=== Begin Enclosure ===
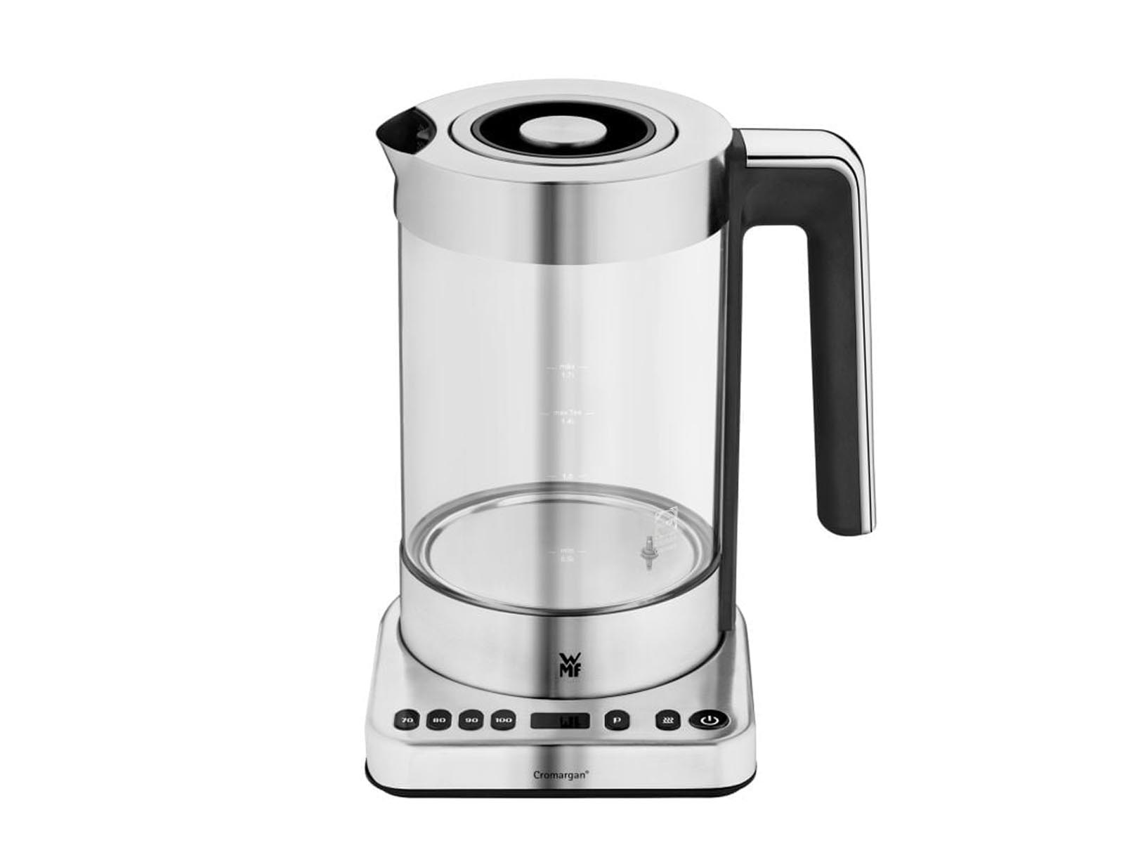 Obudowa czajnika cylindryczna wykonana z wytrzymałej odpornej na zarysowania stali nierdzewnej 18/10 Cromargan® z solidnym antypoślizgowym uchwytem oraz szklanymi bokami wykonanymi z wytrzymałego przezroczystego bezbarwnego żaroodpornego szkła SCHOTT DURAN®.
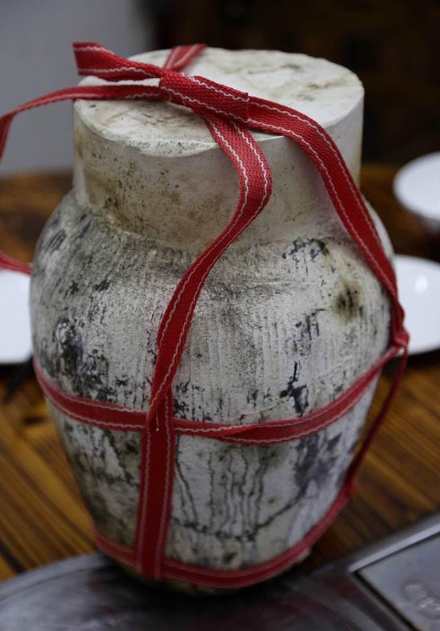 今天朋友带来了一坛老酒,用榔头撬开后酒香四溢。
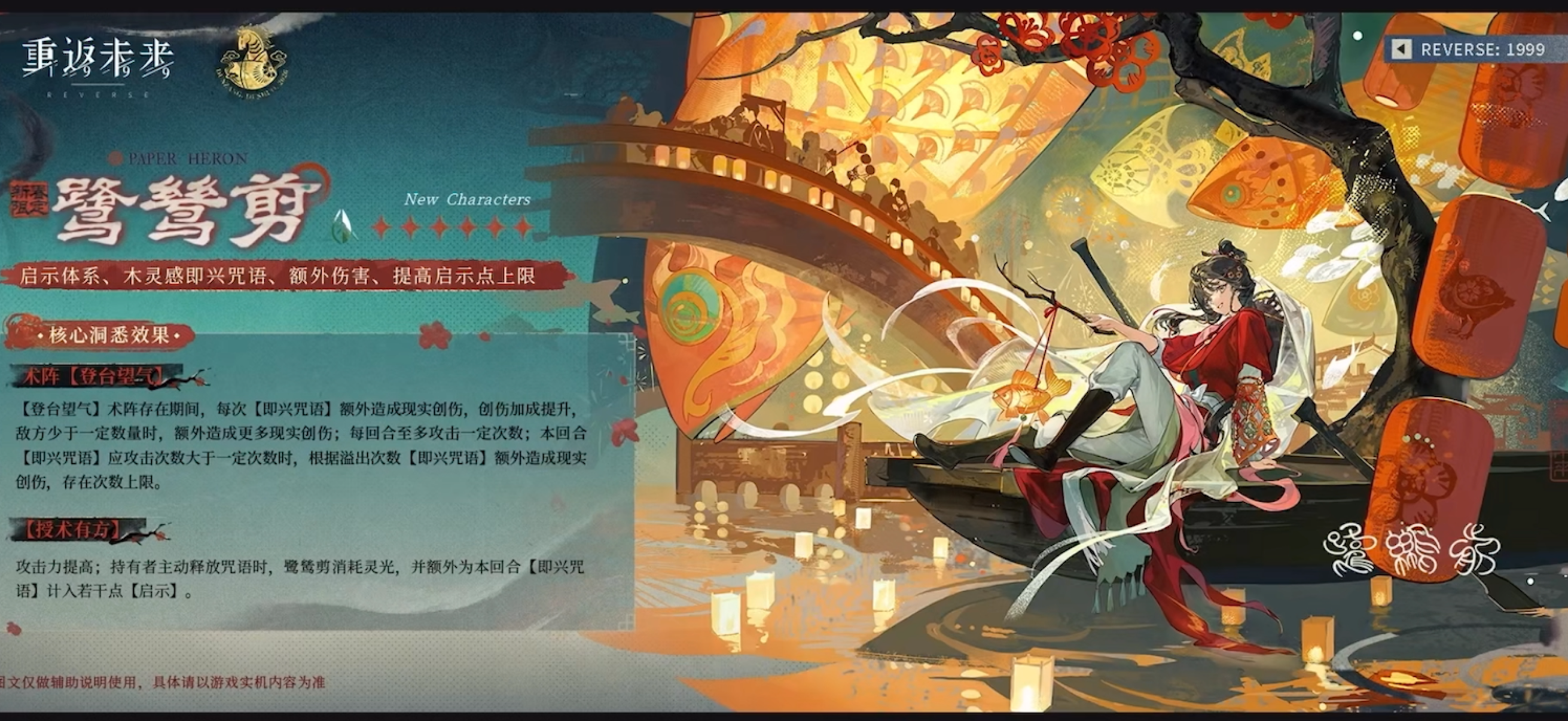 新春限定鹭鸶剪核心机制:启示体系、木灵感即兴咒语、额外伤害、提高启示点上限【登台望气】术阵存在期间,每次【即兴咒语】额外造成现实创伤,创伤加成提升,敌方少于一定数量时,额外造成更多现实创伤;每回合至多攻击一定次数;本回合【即兴咒语】应攻击次数大于一定次数时,根据溢出次数【即兴咒语】额外造成现实创伤,存在次数上限。总的来说 鹭鸶剪是新的启示队主C 需要用仪式一直保持术阵开着 通过全队积攒启示点
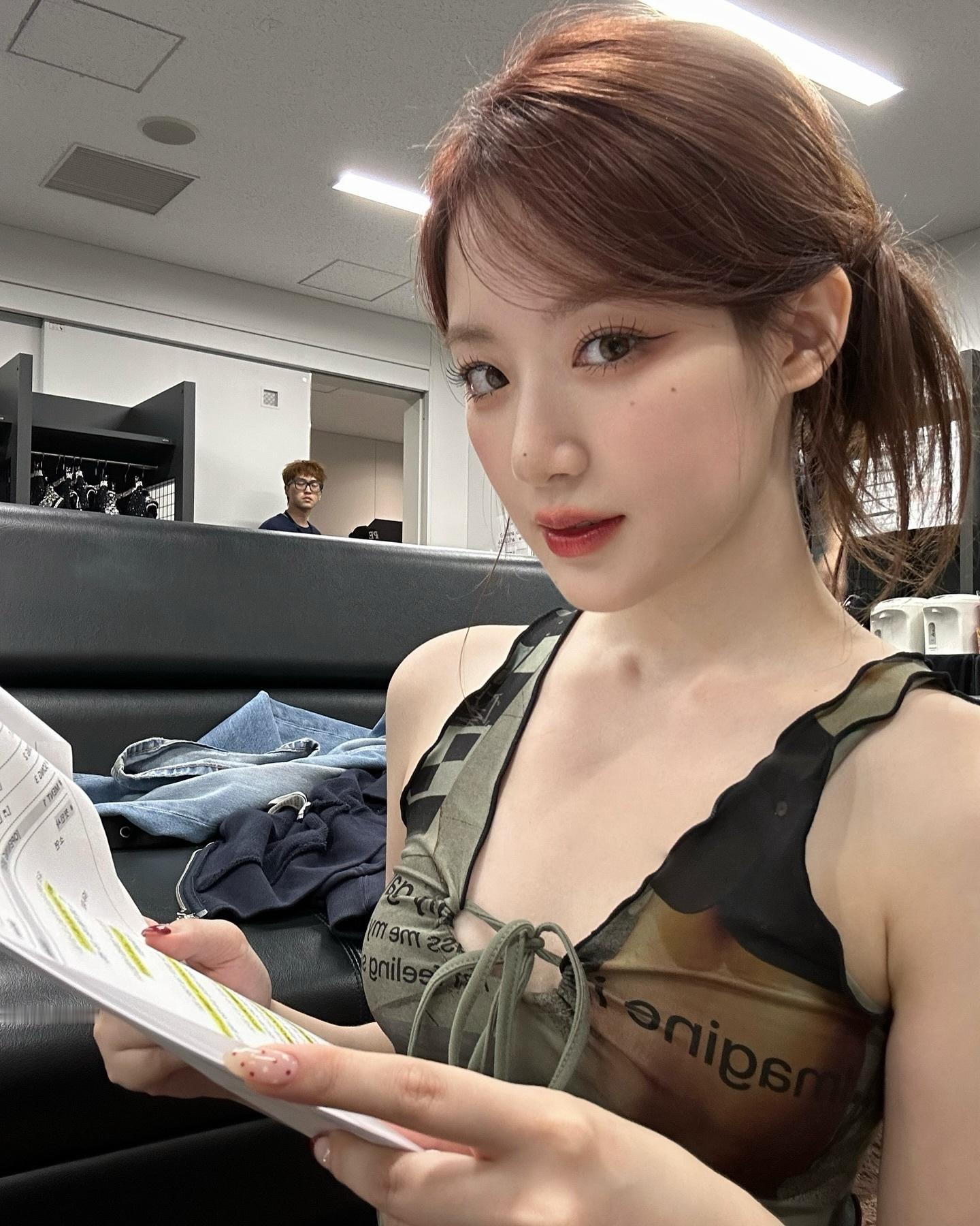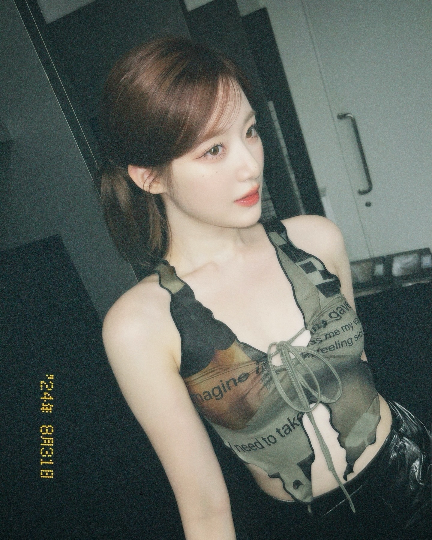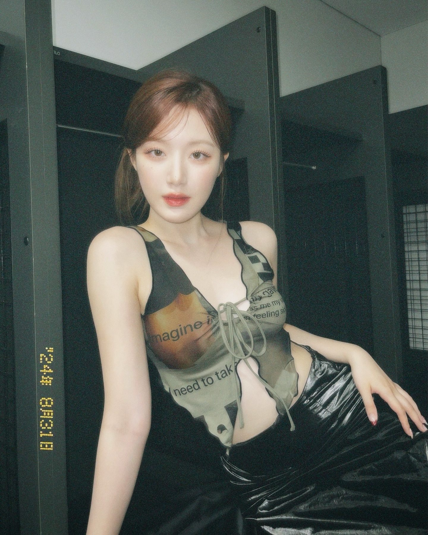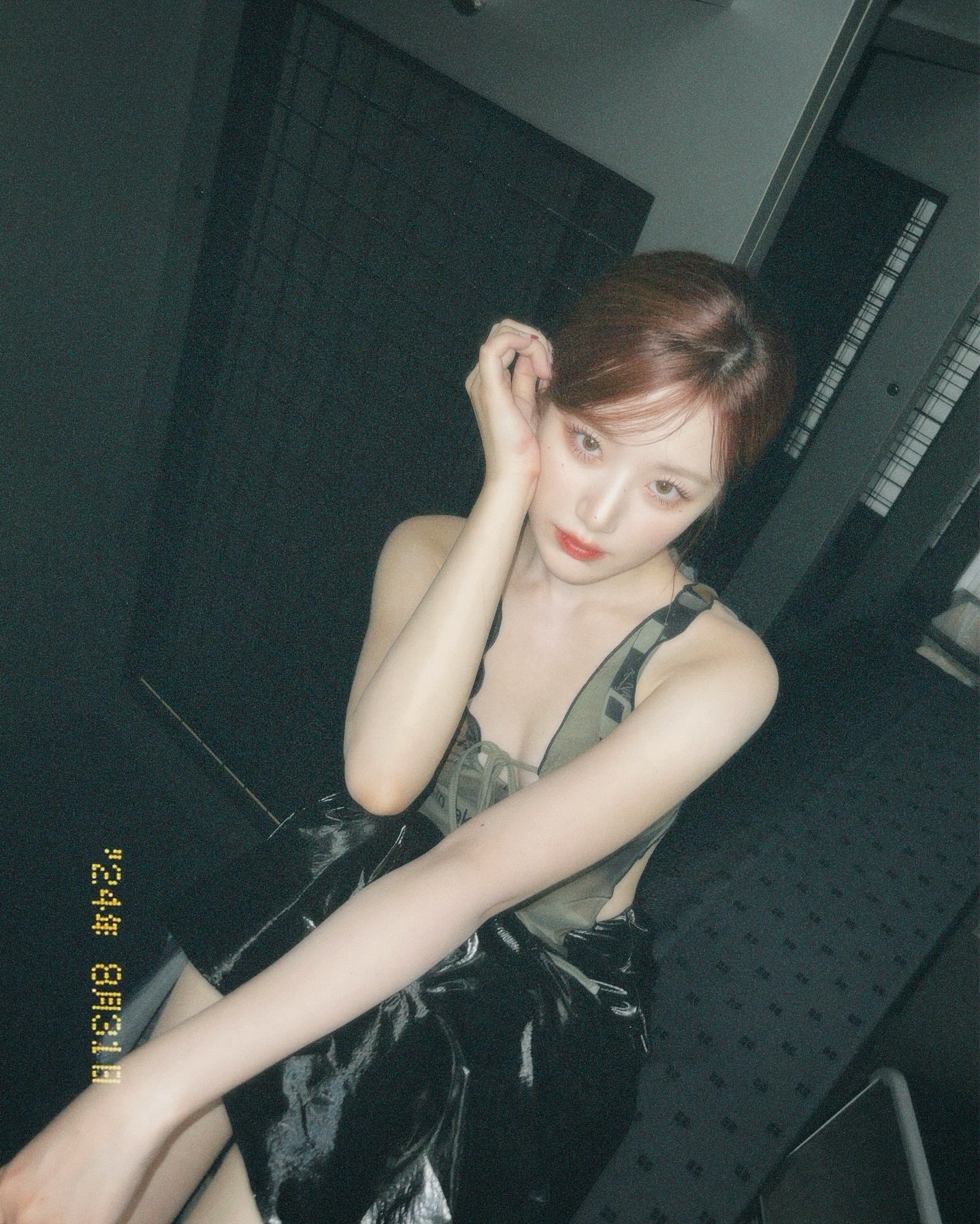 叶舒华最新穿搭头像,吊带皮裙,又酷又美
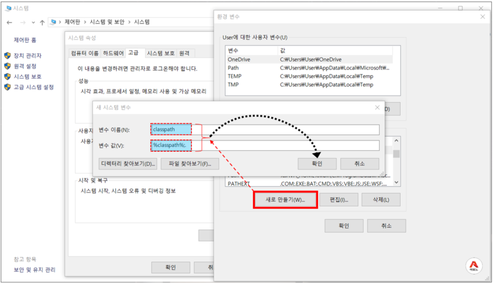2-3. 같은 방식으로 "새로 만들기"를 클릭 후 새 시스템 변수를 입력합니다.
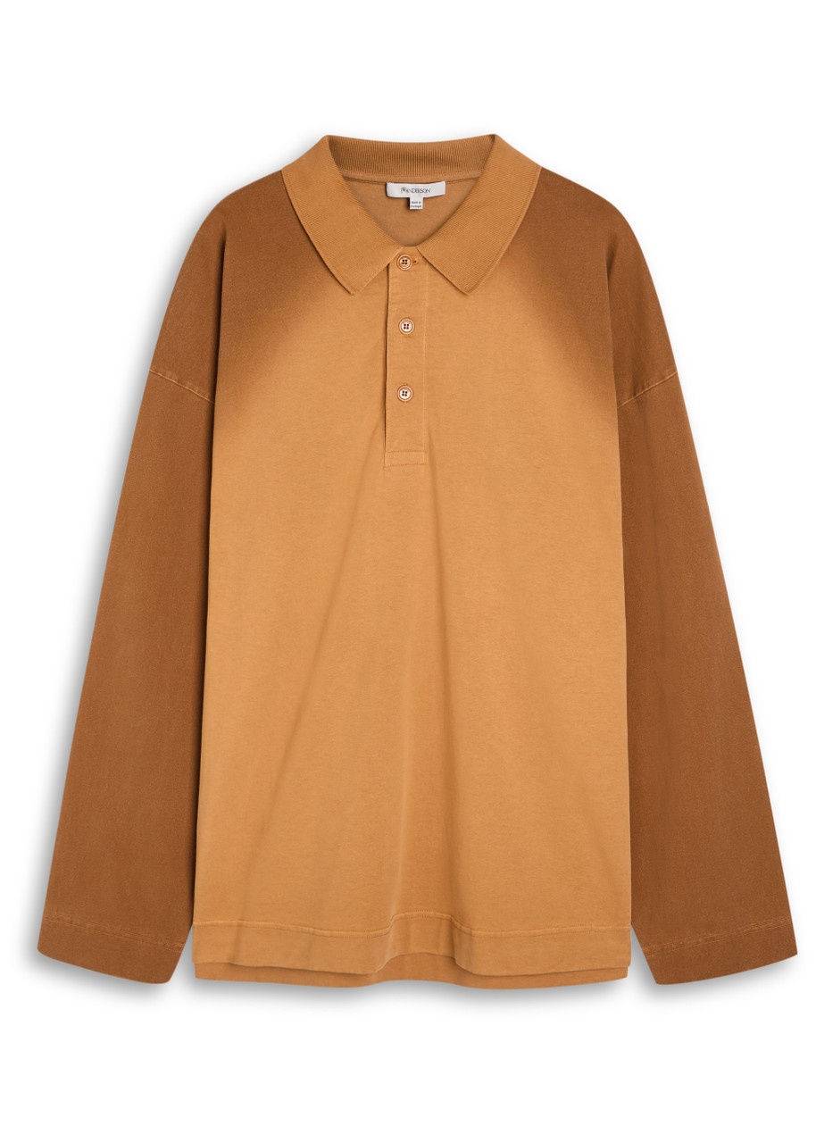 Info & Care JW Anderson cotton polo;shirt Button-fastening neck, ribbed collar, dropped shoulders, faded logo at front, side splits at hem Slips on 100% cotton Machine wash Size & Fit Length shoulder to hem: 29.5 inches/ 75cm Midweight Relaxed fit Model is 6'1"/ 185cm, chest size 40 inches and wears a size medium
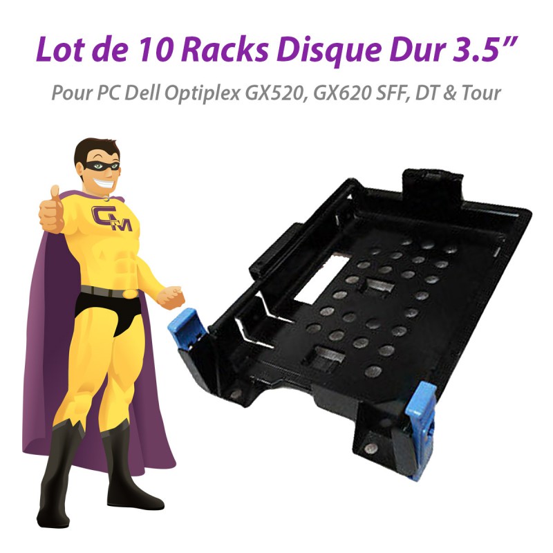 Lot de 10 Racks pour Disque Dur 3.5" - Dell - P/N N8362 / JK134 / GK158 / C2950-701 - Pour PC Dell OptiPlex GX520 & GX620 format SFF, DT et Tour - Garantis 6 mois.
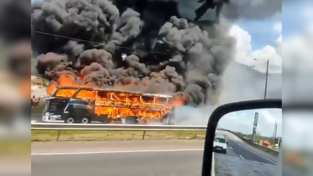 Vídeo: ônibus com mais de 30 passageiros pega fogo na BR-101, em SC
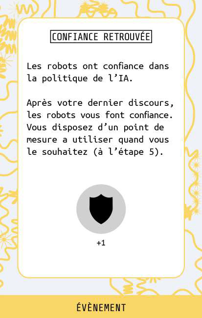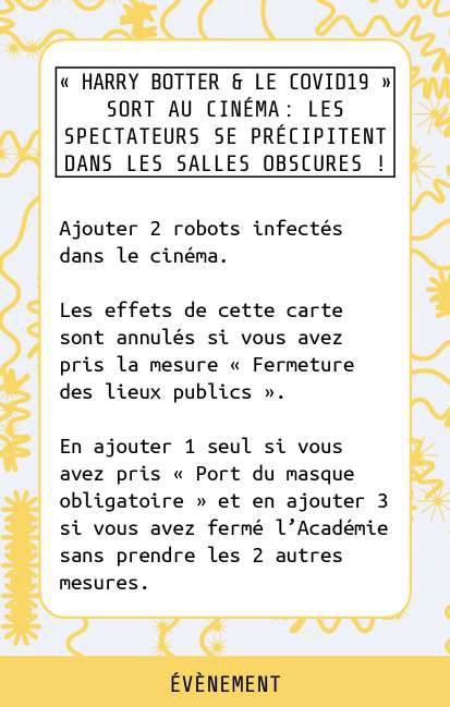 La version que vous vous apprêtez à jouer est une première version. Nous l’avons développé rapidement, avec les moyens du bord, elle fonctionne mais n’est pas exempt de bugs... Si vous en constater, contactez-nous, nous apporterons les modifications pour dans le cadre d’une amélioration continue :-)
=== End Enclosure ===
WHAT IS REQUIRED — Each entry above should be printed again word for word, with any picture dropped.

OUTPUT FOR THIS EXERCISE —
 Obudowa czajnika cylindryczna wykonana z wytrzymałej odpornej na zarysowania stali nierdzewnej 18/10 Cromargan® z solidnym antypoślizgowym uchwytem oraz szklanymi bokami wykonanymi z wytrzymałego przezroczystego bezbarwnego żaroodpornego szkła SCHOTT DURAN®.
 今天朋友带来了一坛老酒,用榔头撬开后酒香四溢。
 新春限定鹭鸶剪核心机制:启示体系、木灵感即兴咒语、额外伤害、提高启示点上限【登台望气】术阵存在期间,每次【即兴咒语】额外造成现实创伤,创伤加成提升,敌方少于一定数量时,额外造成更多现实创伤;每回合至多攻击一定次数;本回合【即兴咒语】应攻击次数大于一定次数时,根据溢出次数【即兴咒语】额外造成现实创伤,存在次数上限。总的来说 鹭鸶剪是新的启示队主C 需要用仪式一直保持术阵开着 通过全队积攒启示点
 叶舒华最新穿搭头像,吊带皮裙,又酷又美
2-3. 같은 방식으로 "새로 만들기"를 클릭 후 새 시스템 변수를 입력합니다.
 Info & Care JW Anderson cotton polo;shirt Button-fastening neck, ribbed collar, dropped shoulders, faded logo at front, side splits at hem Slips on 100% cotton Machine wash Size & Fit Length shoulder to hem: 29.5 inches/ 75cm Midweight Relaxed fit Model is 6'1"/ 185cm, chest size 40 inches and wears a size medium
 Lot de 10 Racks pour Disque Dur 3.5" - Dell - P/N N8362 / JK134 / GK158 / C2950-701 - Pour PC Dell OptiPlex GX520 & GX620 format SFF, DT et Tour - Garantis 6 mois.
 Vídeo: ônibus com mais de 30 passageiros pega fogo na BR-101, em SC
 La version que vous vous apprêtez à jouer est une première version. Nous l’avons développé rapidement, avec les moyens du bord, elle fonctionne mais n’est pas exempt de bugs... Si vous en constater, contactez-nous, nous apporterons les modifications pour dans le cadre d’une amélioration continue :-)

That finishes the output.